**PROVIDED DATA**
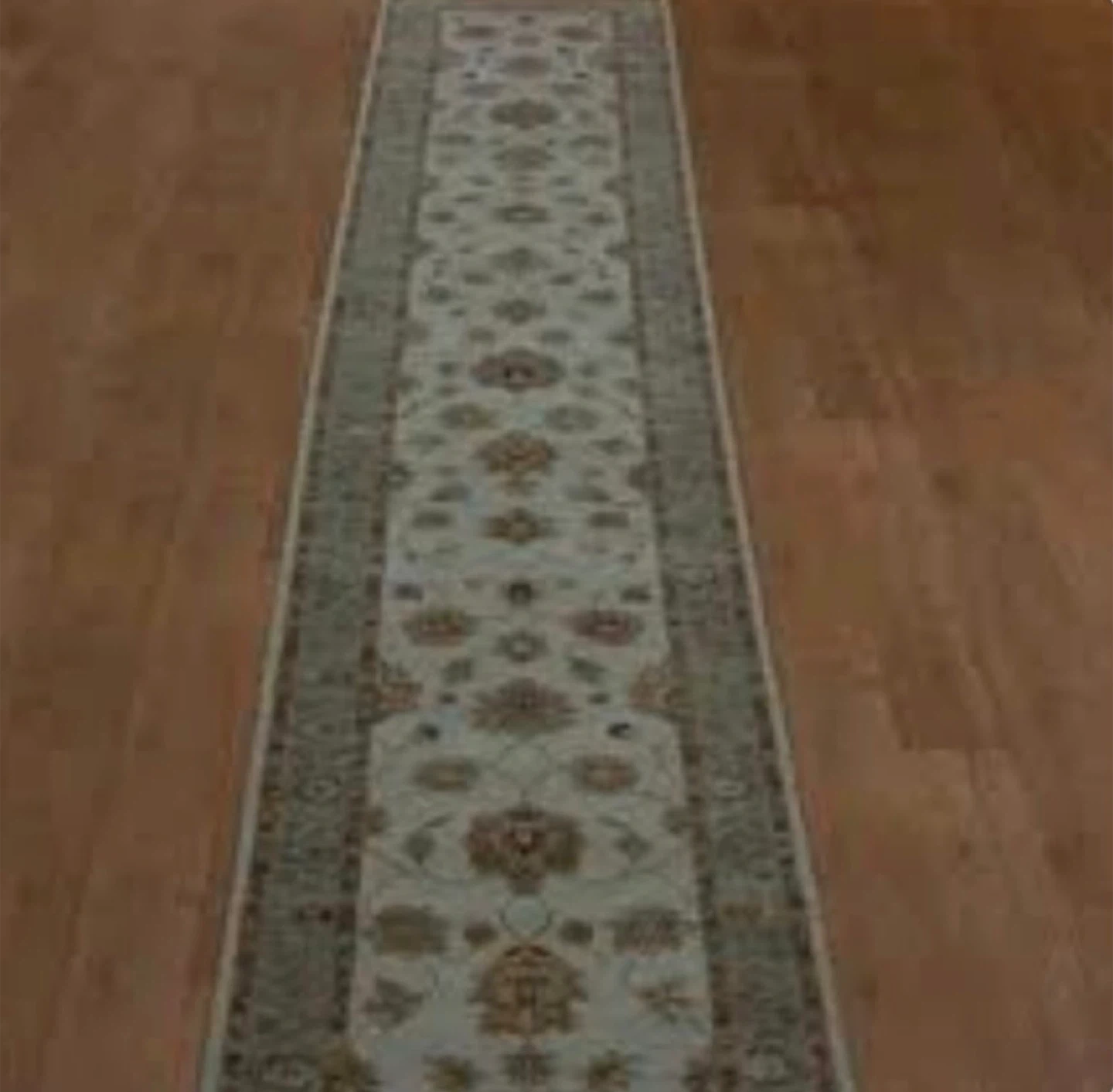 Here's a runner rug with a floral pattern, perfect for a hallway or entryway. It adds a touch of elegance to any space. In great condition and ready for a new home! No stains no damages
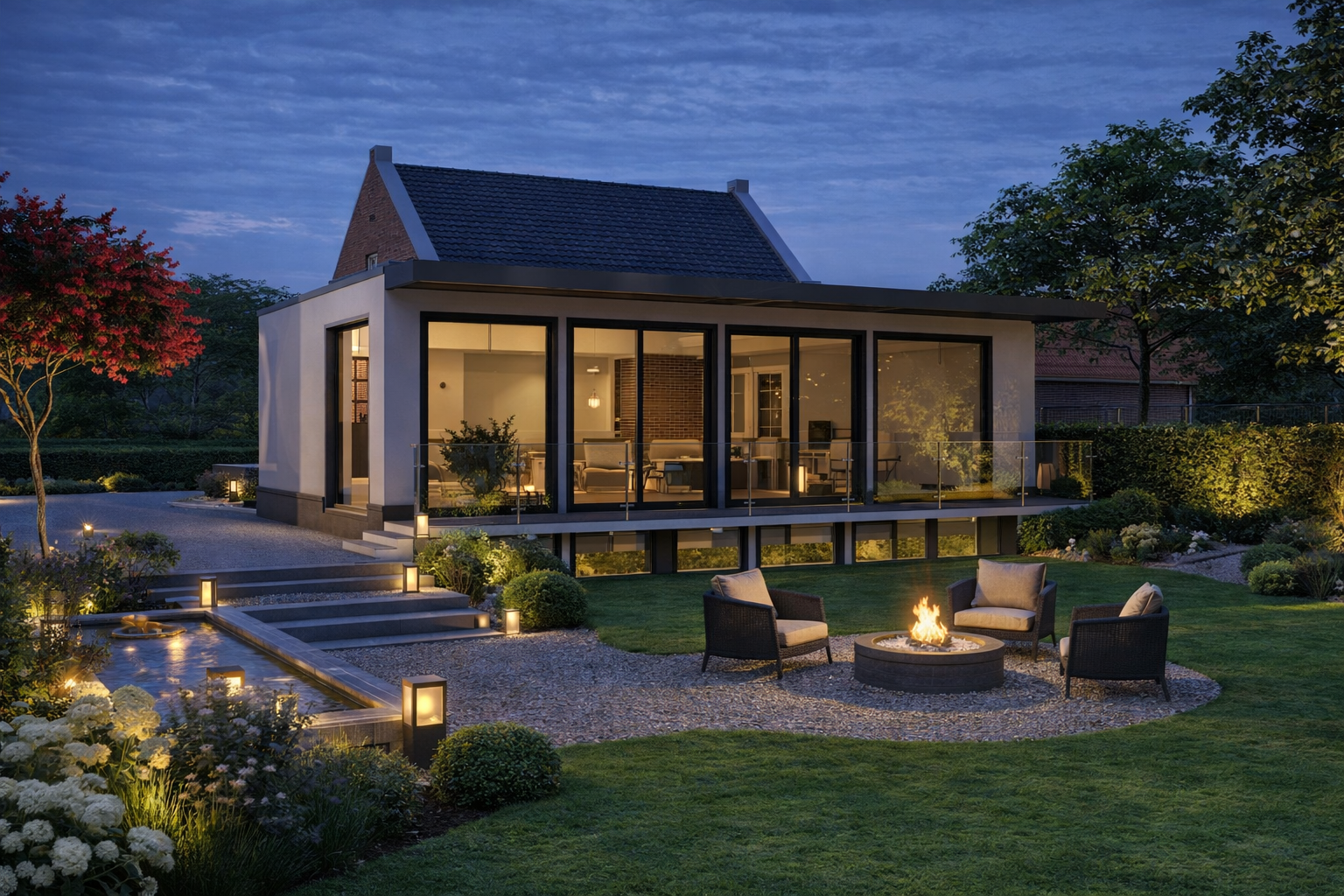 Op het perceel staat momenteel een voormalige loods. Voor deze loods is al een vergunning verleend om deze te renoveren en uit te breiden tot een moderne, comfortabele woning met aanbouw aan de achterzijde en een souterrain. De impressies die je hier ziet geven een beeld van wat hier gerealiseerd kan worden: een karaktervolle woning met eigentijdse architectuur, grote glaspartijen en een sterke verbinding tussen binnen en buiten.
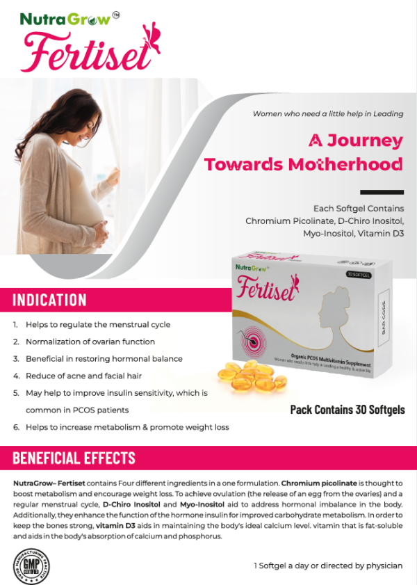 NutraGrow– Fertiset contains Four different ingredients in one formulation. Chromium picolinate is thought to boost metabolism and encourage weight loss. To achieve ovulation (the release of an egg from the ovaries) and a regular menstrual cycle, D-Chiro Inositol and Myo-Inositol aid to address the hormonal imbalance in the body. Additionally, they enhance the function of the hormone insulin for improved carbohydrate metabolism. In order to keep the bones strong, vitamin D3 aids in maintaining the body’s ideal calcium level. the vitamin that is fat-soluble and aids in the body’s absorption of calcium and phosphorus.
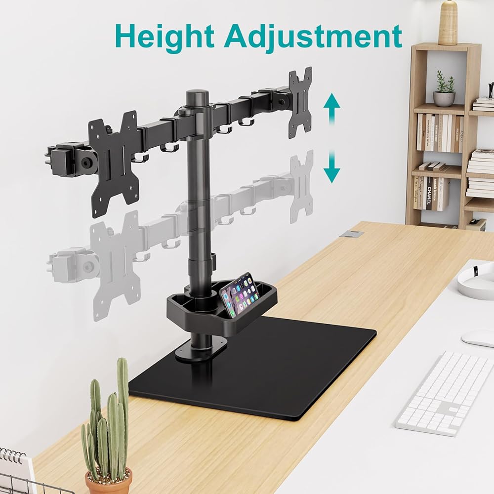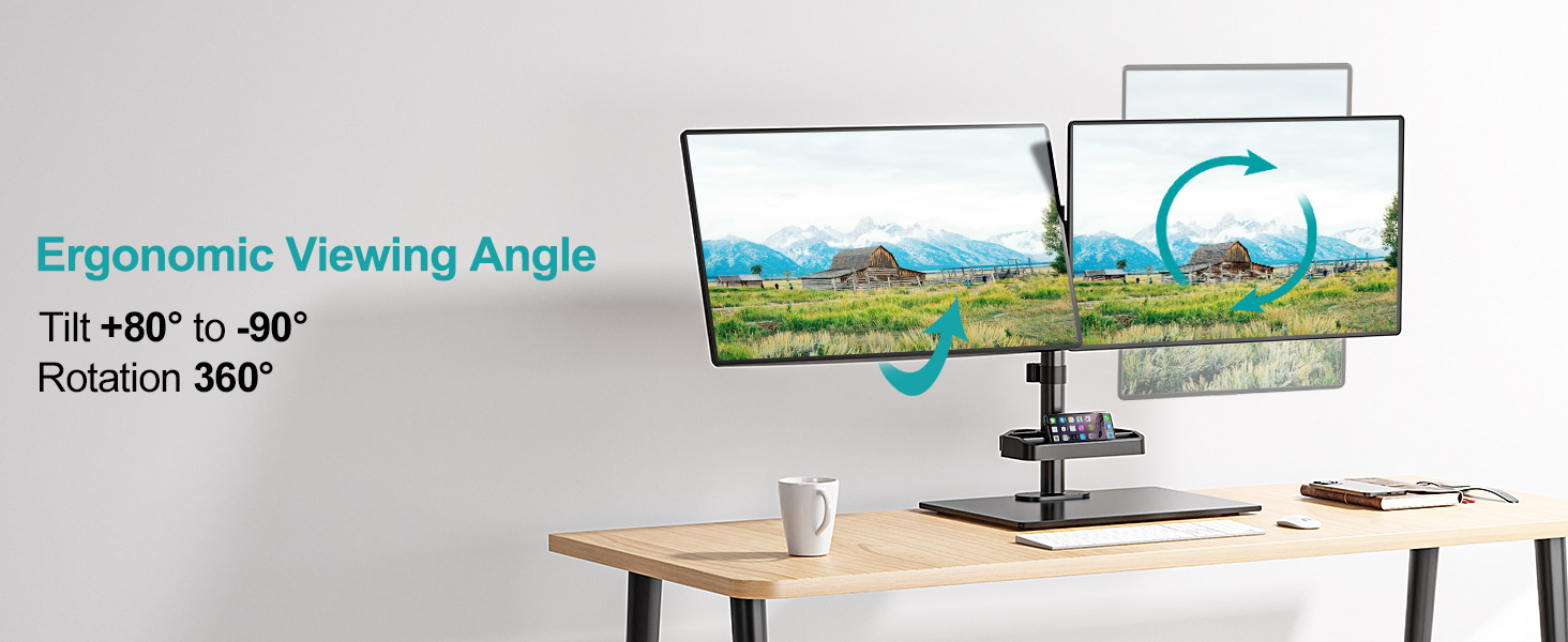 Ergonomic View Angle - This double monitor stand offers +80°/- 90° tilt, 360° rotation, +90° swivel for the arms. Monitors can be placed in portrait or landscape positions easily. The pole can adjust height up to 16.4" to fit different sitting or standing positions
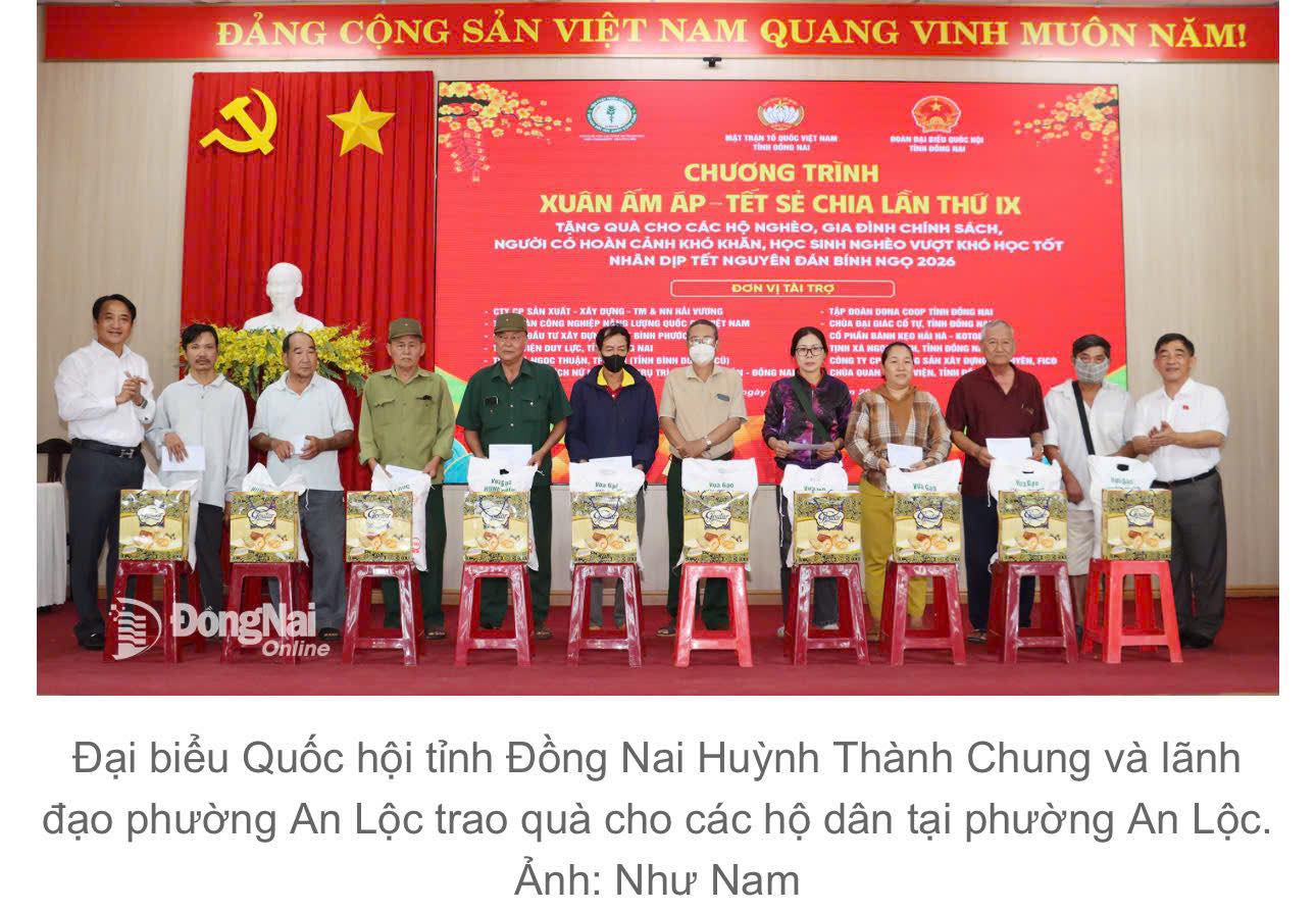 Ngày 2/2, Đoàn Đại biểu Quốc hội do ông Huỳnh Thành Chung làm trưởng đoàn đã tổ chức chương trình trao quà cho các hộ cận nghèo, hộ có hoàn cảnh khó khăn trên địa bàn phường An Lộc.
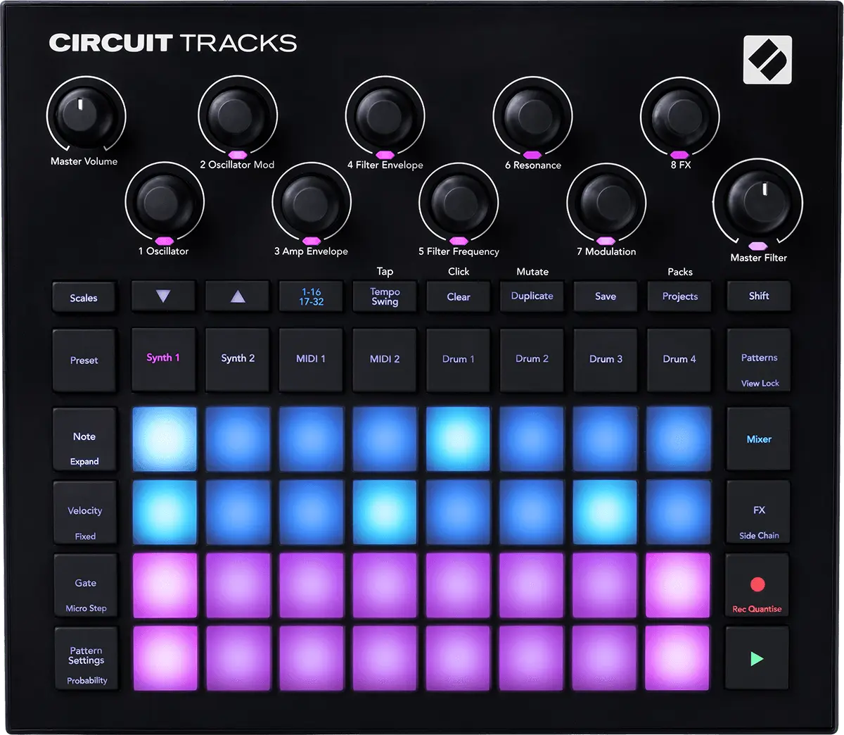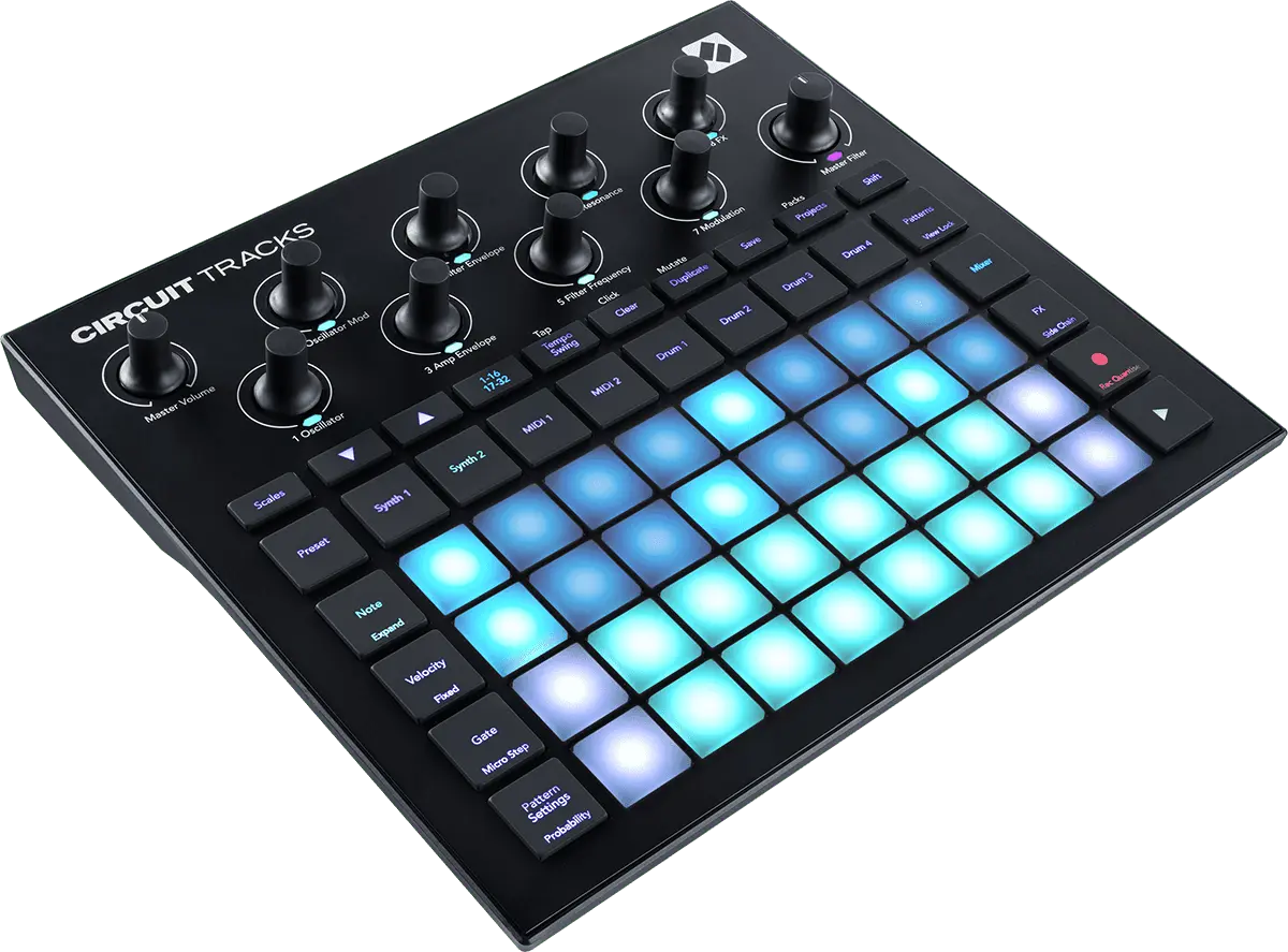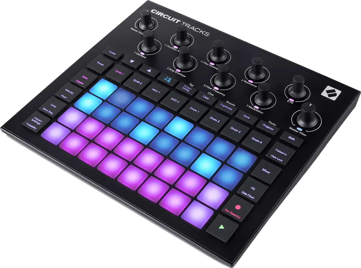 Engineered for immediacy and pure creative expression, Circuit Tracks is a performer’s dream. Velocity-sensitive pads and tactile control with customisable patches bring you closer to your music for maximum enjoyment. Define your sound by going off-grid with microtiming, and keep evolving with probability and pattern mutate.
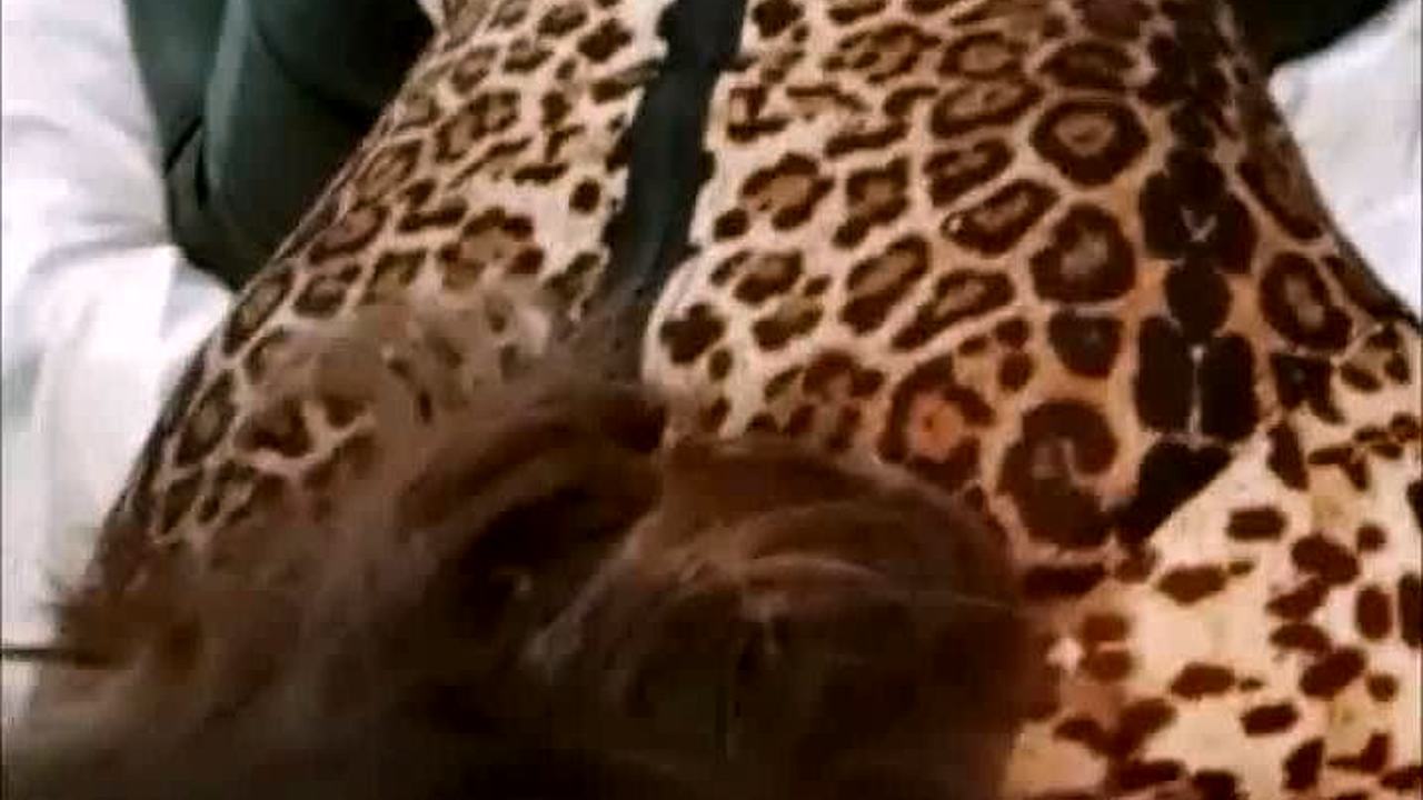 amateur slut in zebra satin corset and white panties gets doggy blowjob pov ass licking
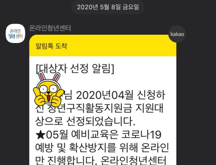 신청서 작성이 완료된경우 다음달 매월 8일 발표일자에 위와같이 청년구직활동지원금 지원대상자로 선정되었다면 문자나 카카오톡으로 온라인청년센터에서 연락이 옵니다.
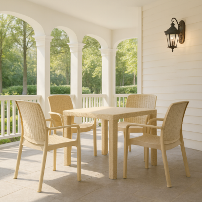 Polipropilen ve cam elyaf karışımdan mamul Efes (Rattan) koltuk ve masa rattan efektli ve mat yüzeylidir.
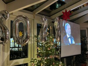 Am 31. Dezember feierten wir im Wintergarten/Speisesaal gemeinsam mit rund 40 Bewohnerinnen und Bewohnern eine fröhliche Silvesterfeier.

**PROMPT**
Would you restate word for word each line from the one that holds "신청서 작성이 완료된경우" to the end of the material, both ends included, without the pictures?

**REPLY**
 신청서 작성이 완료된경우 다음달 매월 8일 발표일자에 위와같이 청년구직활동지원금 지원대상자로 선정되었다면 문자나 카카오톡으로 온라인청년센터에서 연락이 옵니다.
 Polipropilen ve cam elyaf karışımdan mamul Efes (Rattan) koltuk ve masa rattan efektli ve mat yüzeylidir.
 Am 31. Dezember feierten wir im Wintergarten/Speisesaal gemeinsam mit rund 40 Bewohnerinnen und Bewohnern eine fröhliche Silvesterfeier.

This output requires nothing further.